Women cricketers and their pure, subtle skills

Women’s subtle skills and delicate touch have breached the men’s cricketing bastion dominated by brute force and muscular strength.

While the world is busy decoding the commercial impact and social ramifications of Indian women’s phenomenal World Cup triumph, let us pause, take a breath and rejoice at rediscovering the beauty, charm and elegance of a sport, that have been sucked out of it by the T-20 revolution.

Many years back, while watching a women’s cricket match on television, my daughter asked me a question that set me thinking. Why is women’s cricket not popular and are they as good as men? This query, made in all innocence, fermented in my mind. It was a time when I was watching a lot of golf and trying to understand the mechanics of its most vital playing component, its swing.

The golf swing, its path and how to learn it are among the most discussed and debated technical aspects of any sport. It requires balance, stability and the upper body, shoulder rotation that takes years and years of coaching and practice to try and grasp even its basics.
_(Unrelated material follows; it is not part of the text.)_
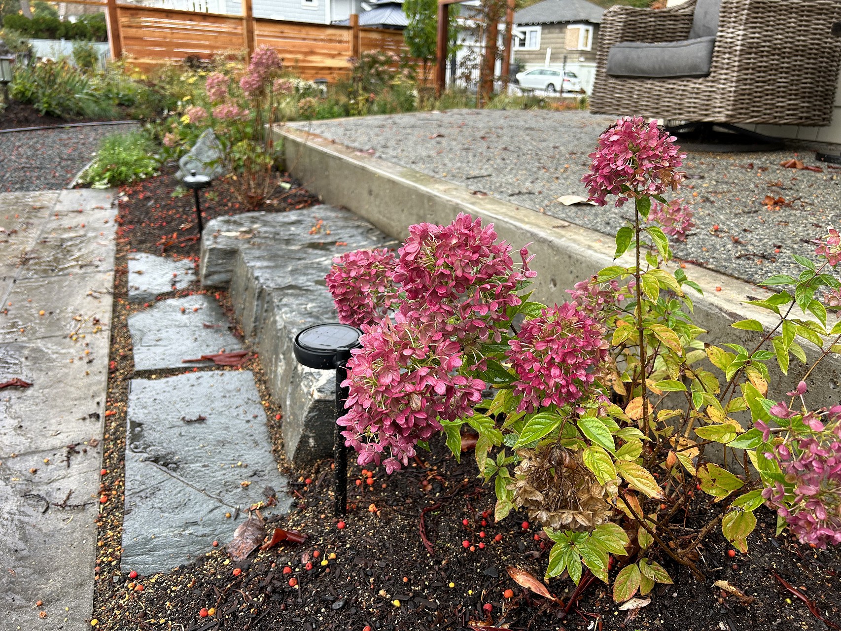 The main garden linked the front entry with back patio, and we worked in some additional planting in the shade at the back of the house. We had a very tight timeline, so there was no formal design with this one. We had a budget, a concept plan, and a wedding to be ready for.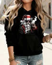 Christmas Santa Smoking Illustration Cozy Graphic Hoodie for Men and Women - Casual Retro, Long Sleeve, Soft Fabric, Comfortable Fit

The golf swing is much like watching an archer load the arrow and release it with perfect timing. It requires synchronisation between various parts of the body, a still head and a calm, focused mind. More than power, it requires being taut and supple at the right time to create the force for the arrow or the golf ball to go the required distance, and in the right direction. I also learnt that women pick up the swing skills not only much faster, they are much better than men in perfecting it. What they lack in power, because of their less muscle mass, they make it up with their extremely supple body and bones. Their shoulders rotate in perfect unison and watching them play can be an ideal learning lesson for a rookie male golfer.

Watching this women’s World Cup sent me back in many time periods. It reminded me of my very early days of being an apprentice reporter. The responsibility of dissecting the technique, flaws and strengths of those who were playing the game at the national and international levels was unnerving. My very modest achievement was of playing for my university team that in no way qualified me to pass judgment on those with a much superior level of skills and achievements.

What I could not learn through practice, I tried to achieve through reading. Donald Bradman’s seminal work, ‘The Art of Cricket’, became my long-lasting companion that taught me the technical rudiments of the game and its nuances that helped me cope with the demands of my professional pursuits with confidence.

When I covered my first One-Day International between India and England, which was also the first major match played at Chandigarh’s Sector 16 stadium, I was much better equipped to appreciate and describe David Gower hitting a back-foot six over cover, a rarity those days. Four decades later, watching Smriti Mandhana bat reminded me of Gower in full flow. The English left-handed batsman was the epitome of elegance and grace much like Mandhana is today, an embodiment of a velvety, silken touch without peer.

Mandhana conjures up magic with her subtle, wristy brushes. She caresses the ball without any trace of power or strength. The ball just slides from the bat and traverses the long arc, from third man to long off. Her stroke-making is a sight for sore eyes that are getting brutalised by raw power and force on display in men’s cricket.

Women’s cricket should also revive interest in the effectiveness of the deceptive trickery of slow spin bowling. First, a raw statistic. In men’s cricket, the average spin bowling speed these days ranges between 80 and 90 kmph and at times goes even beyond 90. In contrast, women spinners operate in the range between 65 and 75. Less speed means more flight and more turn.

Now, unwind in time, remember the Sixties and the Seventies and imagine Bishen Singh Bedi or Erapalli Prasanna bowl. Bedi was the master of loop, flight and spin. His innocuously tossed up balls were teasers that lured the batsmen to their doom. Technology has made the bats lighter, more powerful and the muscular force behind hitting the ball, combined with shorter boundaries and field restrictions, means the death of slow spin, especially in the shorter version of the game.

Now watch someone like Shree Charani bowl. I wonder had Bedi been alive today what he would have had to say about her wonderful control over flight and length. I can see him chuckle and willingly offer himself as guide, mentor and trainer for the women spin bowlers of our times.

Women’s cricket, despite its limited resources and exposure, gender biases and societal conditioning, has shown finesse and virtuosity that is fast vanishing from men’s cricket. The commercial world we live in today has little love for preserving anything – good or bad – as long as they can sell their goods and make profits. The World Cup win has pushed Indian women’s cricket to centre stage where they become more susceptible to “market forces”. That is a topic for another day. For the moment, let us celebrate the resilience and mental fortitude of women cricketers, apart from their obvious, pure skills.